If prenuptial agreements exist so that we can decide which assets we don't want to bring into a marriage, why doesn't the law always reflect that, asks Philip Rutter

For many years pre and post nuptial agreements were regarded as contrary to public policy and therefore unenforceable. In the late 1990s, a very gradual judicial movement started attaching weight to nuptial agreements, culminating in 2010, with the case of Radmacher v Granatino where the Supreme Court held:

"The court should give effect to a nuptial agreement that is freely entered into by each party with a full appreciation of its implications unless in the circumstances prevailing it would not be fair to hold the parties to their agreement."

While the Supreme Court ruling means that a well-drafted and fair agreement should be upheld, the Family Court will not always do so and may find ways around its terms if it thinks the agreement produces an unfair outcome. For example, by awarding maintenance if an agreement does not explicitly exclude a maintenance claim.

The Family Court has also been unwilling to follow a contractually agreed foreign marital property regime on an English divorce.

Law Commission report

The Law Commission looked at 'Matrimonial property, needs and agreements', reporting in early 2014. It recommend that 'qualifying nuptial agreements' be enforceable as contracts, but with the significant caveat that agreements that deal irrevocably with future needs for housing, child care, income or any other aspects of 'financial needs' should not be contractually enforceable.

Deech's Bill

Baroness Deech shortly afterwards introduced a far simpler private member's bill which is currently being steered through the House of Lords. Her Bill proposes that nuptial agreements be treated as binding, with the only requirements being that both parties receive independent legal advice, the agreement is made not less than 21 days before the marriage and there is full disclosure of assets.

Baroness Deech has been widely quoted as saying that current divorce law sends a bad message to young women, suggesting that the route to wealth is not hard work, but simply marrying a footballer. We can only guess at the number of 'gold diggers' looking to get rich by marrying (and divorcing) a wealthy man or woman, but London's title as the divorce capital of the world is not without a ring of truth.
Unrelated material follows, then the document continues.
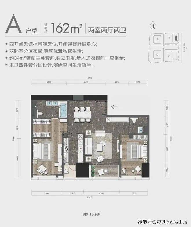 A户型:约162㎡2房2厅2卫:B栋15-26F(中区),东朝向

There are very good reasons for entering into a nuptial agreement:

  • The average age of marriage is 37 for men and 34 for women, so many people getting married will have wealth that they want to ring fence.

  • Those embarking on second or third marriages will want to protect their assets for the children of a previous marriage.
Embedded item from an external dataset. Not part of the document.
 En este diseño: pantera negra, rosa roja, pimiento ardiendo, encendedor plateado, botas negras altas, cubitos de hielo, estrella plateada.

  • Nearly all agreements ring fence assets gifted and inherited during a marriage, providing certainty not just for a couple, but also for parents who want to make gifts to their children, providing assurance that their son or daughter-in-law would not benefit from the gift in the event of a divorce.

  • Agreements lessen the scope for dispute on divorce and provide certainty of outcome.

  • No agreement can ever exclude a claim on behalf of a child, so children will always be protected.

The argument against agreements is that they fetter judicial discretion, may produce unfair outcomes and it is impossible to know what a family’s situation may be, with a divorce happening possibly decades after an agreement has been signed.

Despite the wide discretion given to the Family Court to redistribute assets on divorce, the probability is that in cases where a family is financially comfortable, there will be an equal split of the assets built up during a marriage, regardless of how the wealth was generated. For the less wealthy, ‘needs’ may well trump the 50/50 approach.) Baroness Deech’s Bill also proposes a legislative continuation of that approach.

If we are to have a principle of community of property on divorce (with an equal division of all wealth generated during a marriage), then in line with other countries that have communal property regimes, as independent adults, we must have the right to contract out of that regime.